◆ **Aim of the task**
Restate word for word the lines below that run from the one holding "Wysokiej jakości kantar" through the one holding "작품이 없는 경우: 꽃지해변", inclusive. Pictures don't belong in the copy.

◆ **Task data**
···

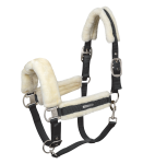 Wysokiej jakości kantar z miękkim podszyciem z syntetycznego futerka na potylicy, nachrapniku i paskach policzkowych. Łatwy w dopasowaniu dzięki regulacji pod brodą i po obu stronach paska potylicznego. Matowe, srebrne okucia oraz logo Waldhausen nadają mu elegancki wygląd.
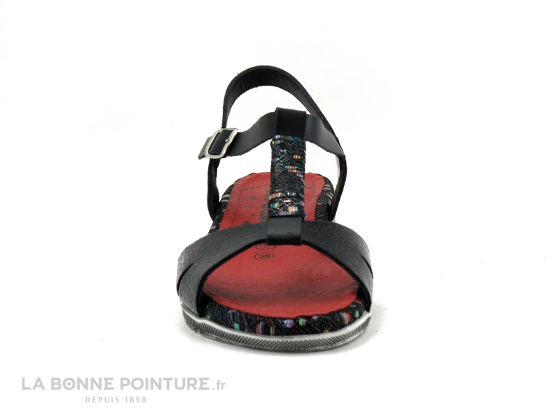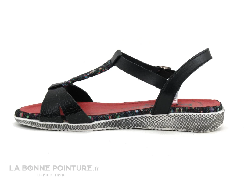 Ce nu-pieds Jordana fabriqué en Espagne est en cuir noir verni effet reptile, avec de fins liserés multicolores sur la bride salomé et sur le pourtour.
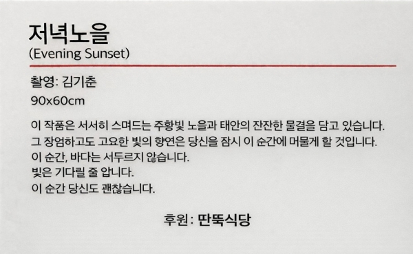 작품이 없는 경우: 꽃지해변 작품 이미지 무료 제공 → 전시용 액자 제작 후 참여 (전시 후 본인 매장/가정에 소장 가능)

···

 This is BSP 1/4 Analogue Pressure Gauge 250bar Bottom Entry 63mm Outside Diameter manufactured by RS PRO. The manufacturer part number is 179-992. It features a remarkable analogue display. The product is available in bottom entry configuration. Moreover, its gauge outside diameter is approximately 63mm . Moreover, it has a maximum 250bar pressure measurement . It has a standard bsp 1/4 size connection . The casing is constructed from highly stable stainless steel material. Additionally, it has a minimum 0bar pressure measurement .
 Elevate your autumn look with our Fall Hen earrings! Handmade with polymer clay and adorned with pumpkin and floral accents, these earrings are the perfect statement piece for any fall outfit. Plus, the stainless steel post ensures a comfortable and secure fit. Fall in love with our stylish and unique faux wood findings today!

···

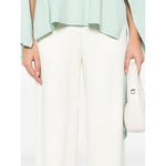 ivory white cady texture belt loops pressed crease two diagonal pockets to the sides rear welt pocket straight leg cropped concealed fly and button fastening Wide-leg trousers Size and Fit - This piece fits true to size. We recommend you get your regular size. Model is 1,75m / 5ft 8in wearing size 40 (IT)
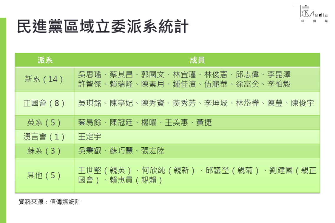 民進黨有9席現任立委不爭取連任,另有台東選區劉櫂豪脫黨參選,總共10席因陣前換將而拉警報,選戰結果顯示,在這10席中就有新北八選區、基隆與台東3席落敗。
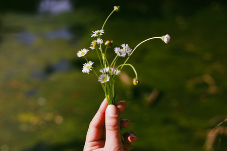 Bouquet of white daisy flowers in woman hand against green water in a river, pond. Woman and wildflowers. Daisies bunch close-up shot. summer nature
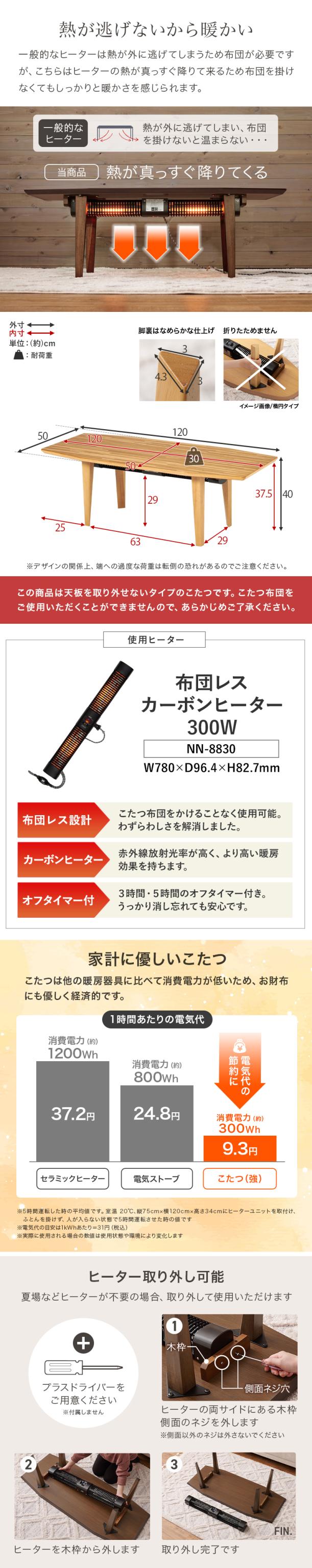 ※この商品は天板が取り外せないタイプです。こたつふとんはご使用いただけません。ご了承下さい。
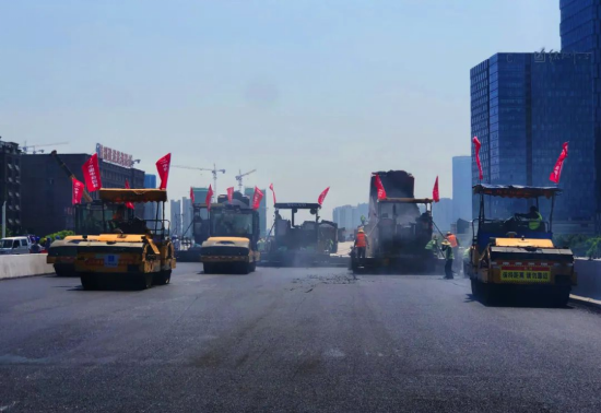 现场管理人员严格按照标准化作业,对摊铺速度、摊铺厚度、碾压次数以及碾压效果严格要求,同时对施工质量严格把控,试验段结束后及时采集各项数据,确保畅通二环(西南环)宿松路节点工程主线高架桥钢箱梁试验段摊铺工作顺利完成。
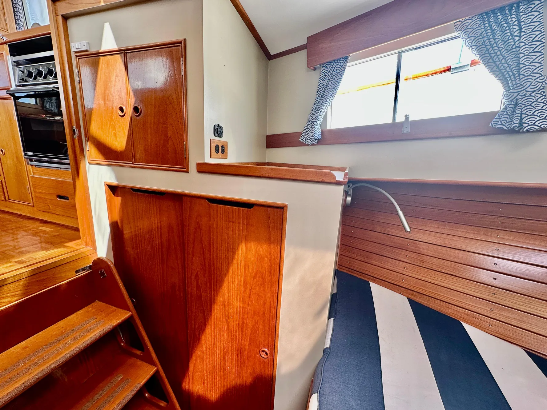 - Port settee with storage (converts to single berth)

···

◆ **Your response**
 Wysokiej jakości kantar z miękkim podszyciem z syntetycznego futerka na potylicy, nachrapniku i paskach policzkowych. Łatwy w dopasowaniu dzięki regulacji pod brodą i po obu stronach paska potylicznego. Matowe, srebrne okucia oraz logo Waldhausen nadają mu elegancki wygląd.
 Ce nu-pieds Jordana fabriqué en Espagne est en cuir noir verni effet reptile, avec de fins liserés multicolores sur la bride salomé et sur le pourtour.
 작품이 없는 경우: 꽃지해변 작품 이미지 무료 제공 → 전시용 액자 제작 후 참여 (전시 후 본인 매장/가정에 소장 가능)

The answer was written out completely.